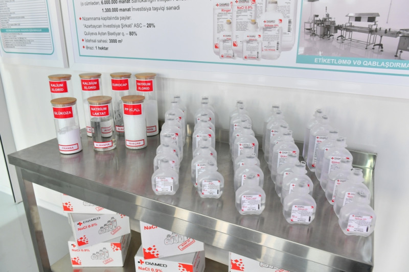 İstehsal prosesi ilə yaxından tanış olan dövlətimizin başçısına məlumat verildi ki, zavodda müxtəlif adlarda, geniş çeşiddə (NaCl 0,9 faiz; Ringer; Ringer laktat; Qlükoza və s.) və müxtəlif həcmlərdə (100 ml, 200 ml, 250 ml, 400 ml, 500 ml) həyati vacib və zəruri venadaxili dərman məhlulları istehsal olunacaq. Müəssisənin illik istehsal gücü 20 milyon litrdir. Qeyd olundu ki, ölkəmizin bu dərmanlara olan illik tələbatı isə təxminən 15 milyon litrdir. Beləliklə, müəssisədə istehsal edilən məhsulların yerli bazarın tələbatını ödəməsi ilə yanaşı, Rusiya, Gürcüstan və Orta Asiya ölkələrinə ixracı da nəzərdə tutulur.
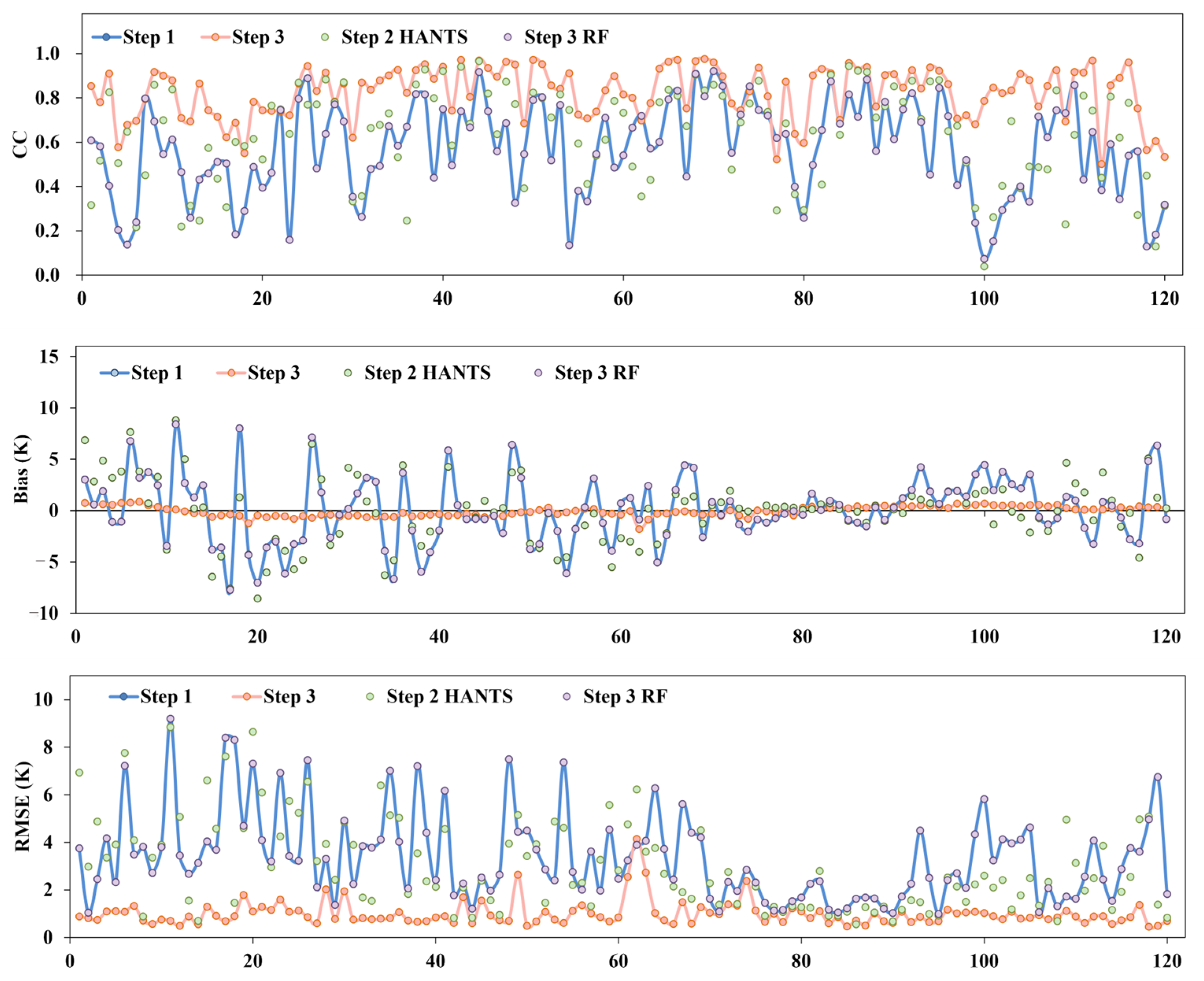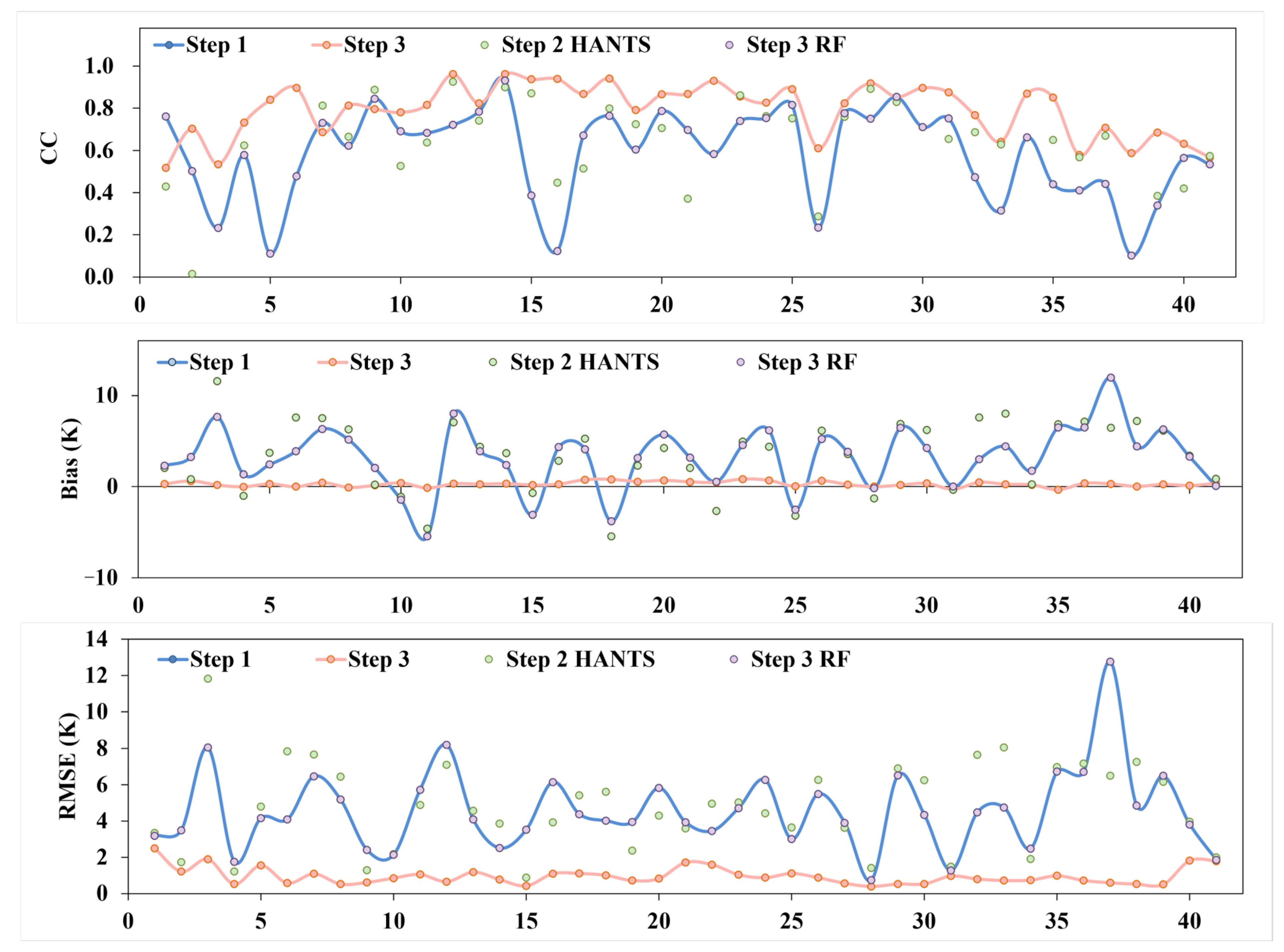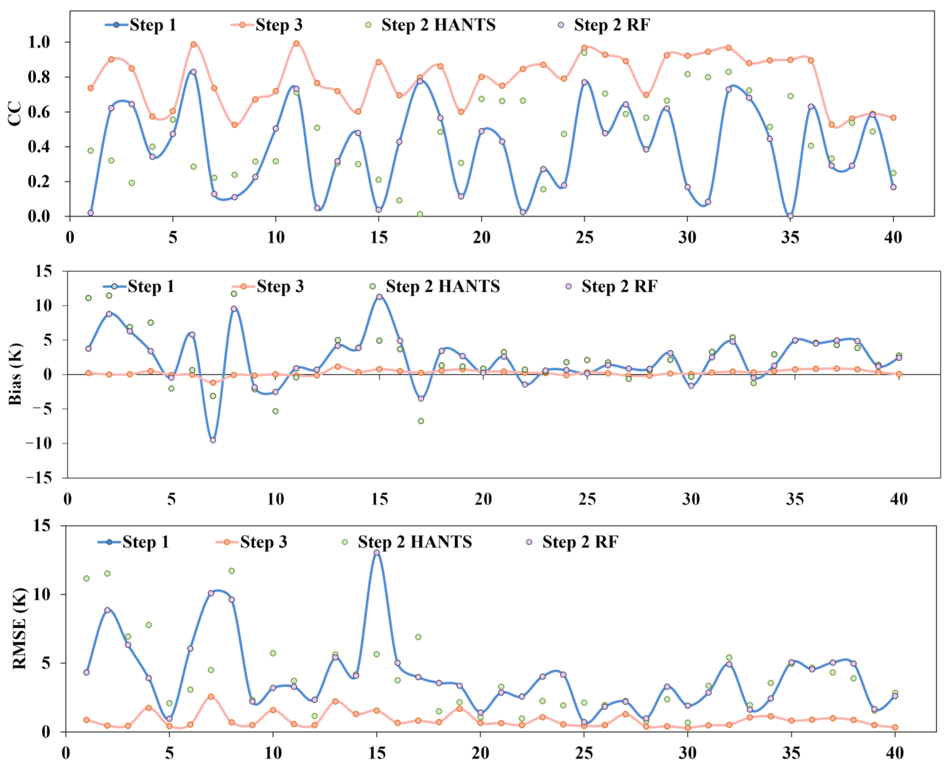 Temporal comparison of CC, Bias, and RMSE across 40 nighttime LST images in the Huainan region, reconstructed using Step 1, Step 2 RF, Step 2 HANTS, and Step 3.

...

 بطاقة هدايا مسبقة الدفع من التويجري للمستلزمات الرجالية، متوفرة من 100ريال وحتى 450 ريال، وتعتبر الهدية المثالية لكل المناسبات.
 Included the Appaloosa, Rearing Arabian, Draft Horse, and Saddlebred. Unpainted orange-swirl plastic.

● **WHAT YOU NEED TO DO**
Your answer should be the exact lines above from the one containing "İstehsal prosesi ilə" through the one containing "Temporal comparison of", with both end lines kept and the pictures removed, please.

● **EXERCISE RESULT**
 İstehsal prosesi ilə yaxından tanış olan dövlətimizin başçısına məlumat verildi ki, zavodda müxtəlif adlarda, geniş çeşiddə (NaCl 0,9 faiz; Ringer; Ringer laktat; Qlükoza və s.) və müxtəlif həcmlərdə (100 ml, 200 ml, 250 ml, 400 ml, 500 ml) həyati vacib və zəruri venadaxili dərman məhlulları istehsal olunacaq. Müəssisənin illik istehsal gücü 20 milyon litrdir. Qeyd olundu ki, ölkəmizin bu dərmanlara olan illik tələbatı isə təxminən 15 milyon litrdir. Beləliklə, müəssisədə istehsal edilən məhsulların yerli bazarın tələbatını ödəməsi ilə yanaşı, Rusiya, Gürcüstan və Orta Asiya ölkələrinə ixracı da nəzərdə tutulur.
 Temporal comparison of CC, Bias, and RMSE across 40 nighttime LST images in the Huainan region, reconstructed using Step 1, Step 2 RF, Step 2 HANTS, and Step 3.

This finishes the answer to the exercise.